§ **ACTIVITY**
Exclude the pictures, then repeat the remaining data exactly.

━━━━━ STORED DATA

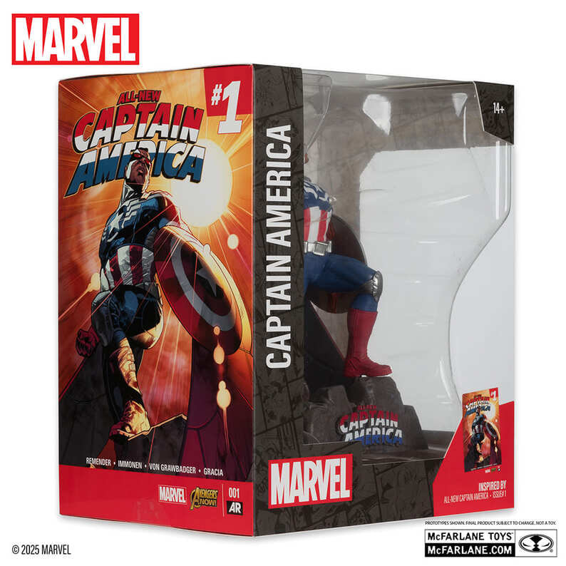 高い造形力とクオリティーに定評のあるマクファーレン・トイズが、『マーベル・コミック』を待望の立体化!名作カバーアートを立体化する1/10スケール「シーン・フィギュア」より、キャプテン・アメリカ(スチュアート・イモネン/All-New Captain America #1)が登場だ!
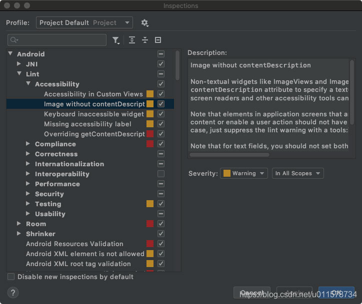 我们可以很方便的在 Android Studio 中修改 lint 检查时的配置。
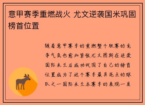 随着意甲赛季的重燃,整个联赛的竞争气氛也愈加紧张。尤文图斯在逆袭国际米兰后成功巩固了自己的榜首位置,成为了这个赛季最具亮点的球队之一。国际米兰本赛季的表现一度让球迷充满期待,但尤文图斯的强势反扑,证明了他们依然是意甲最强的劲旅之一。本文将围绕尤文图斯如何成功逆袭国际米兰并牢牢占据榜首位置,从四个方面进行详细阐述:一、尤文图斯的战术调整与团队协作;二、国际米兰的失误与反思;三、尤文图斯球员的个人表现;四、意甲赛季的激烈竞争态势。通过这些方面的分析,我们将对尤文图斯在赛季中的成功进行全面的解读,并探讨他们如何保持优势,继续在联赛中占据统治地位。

━━━━━━━━━━

§ **PROBLEM SOLUTION**
 高い造形力とクオリティーに定評のあるマクファーレン・トイズが、『マーベル・コミック』を待望の立体化!名作カバーアートを立体化する1/10スケール「シーン・フィギュア」より、キャプテン・アメリカ(スチュアート・イモネン/All-New Captain America #1)が登場だ!
 我们可以很方便的在 Android Studio 中修改 lint 检查时的配置。
 随着意甲赛季的重燃,整个联赛的竞争气氛也愈加紧张。尤文图斯在逆袭国际米兰后成功巩固了自己的榜首位置,成为了这个赛季最具亮点的球队之一。国际米兰本赛季的表现一度让球迷充满期待,但尤文图斯的强势反扑,证明了他们依然是意甲最强的劲旅之一。本文将围绕尤文图斯如何成功逆袭国际米兰并牢牢占据榜首位置,从四个方面进行详细阐述:一、尤文图斯的战术调整与团队协作;二、国际米兰的失误与反思;三、尤文图斯球员的个人表现;四、意甲赛季的激烈竞争态势。通过这些方面的分析,我们将对尤文图斯在赛季中的成功进行全面的解读,并探讨他们如何保持优势,继续在联赛中占据统治地位。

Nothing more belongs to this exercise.